Google today released Quantization Aware Training (QAT) API, which enables developers to train and deploy models with the performance benefits of quantization — the process of mapping input values from a large set to output values in a smaller set — while retaining close to their original accuracy. The goal is to support the development of smaller, faster, and more efficient machine learning models well-suited to run on off-the-shelf machines, such as those in medium- and small-business environments where computation resources are at a premium.
Often, the process of going from a higher to lower precision is noisy. That’s because quantization squeezes a small range of floating-point values into a fixed number of information buckets, leading to information loss similar to rounding errors when fractional values are represented as integers. (For example, all values in range [2.0, 2.3] might be represented in a single bucket.) Problematically, when the lossy numbers are used in several computations, the losses accumulate and need to be rescaled for the next computation.
The QAT API solves this by simulating low-precision computation during the AI model training process. Quantization error is introduced as noise throughout the training, which QAT API’s algorithm tries to minimize so that it learns variables that are more robust to quantization. A training graph leverages operations that convert floating-point objects into low-precision values and then convert low-precision values back into floating-point, ensuring that quantization losses are introduced in the computation and that further computations emulate low-precision.
In tests, Google reports that an image classification model (MobilenetV1 224) with a non-quantized accuracy of 71.03% achieved 71.06% accuracy after quantization when tested on the open source Imagenet data set. Another classification model (Nasnet-Mobile) tested against the same data set only experienced a 1% loss in accuracy (74% to 73%) post-quantization.

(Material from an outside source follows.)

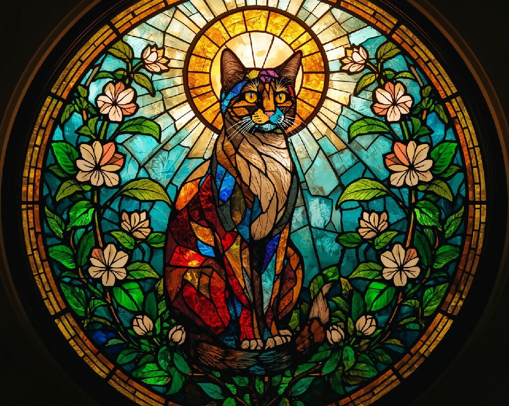 A beautiful and vibrant stained glass artwork featuring a graceful, colorful cat sitting elegantly in the center of the frame, surrounded by lush emerald leaves and blooming white and pink flowers. The composition is perfectly symmetrical within a circular stained glass window design. The background glows with radiant blue, turquoise, and golden glass pieces, with sunlight streaming through like a divine halo. The cat’s fur shimmers with multicolored stained glass fragments—amber, sapphire, and ruby tones—its golden eyes full of gentle wisdom. Highly detailed, luminous reflections, glowing glass textures, fantasy cathedral lighting, ethereal atmosphere, ultra-realistic

Aside from emulating the reduced precision computation, QAT API is responsible for recording the statistics necessary to quantize a trained model or parts of it. This enables developers to convert a model trained with the API to a quantized integer-only TensorFlow Lite model, for example, or to experiment with various quantization strategies while simulating how quantization affects accuracy for different hardware backends.
Google says that by default, QAT API — which is a part of the TensorFlow Model Optimization Toolkit — is configured to work with the quantized execution support available in TensorFlow Lite, Google’s toolset designed to adapt models architected on its TensorFlow machine learning framework to mobile, embedded, and internet of things devices. “We are very excited to see how the QAT API further enables TensorFlow users to push the boundaries of efficient execution in their TensorFlow Lite-powered products as well as how it opens the door to researching new quantization algorithms and further developing new hardware platforms with different levels of precision,” wrote Google in a blog post.
The formal launch of the QAT API comes after the unveiling of TensorFlow Quantum, a machine learning framework for training quantum models, at the TensorFlow Dev Summit. The QAT API was previewed during a recorded session at the conference.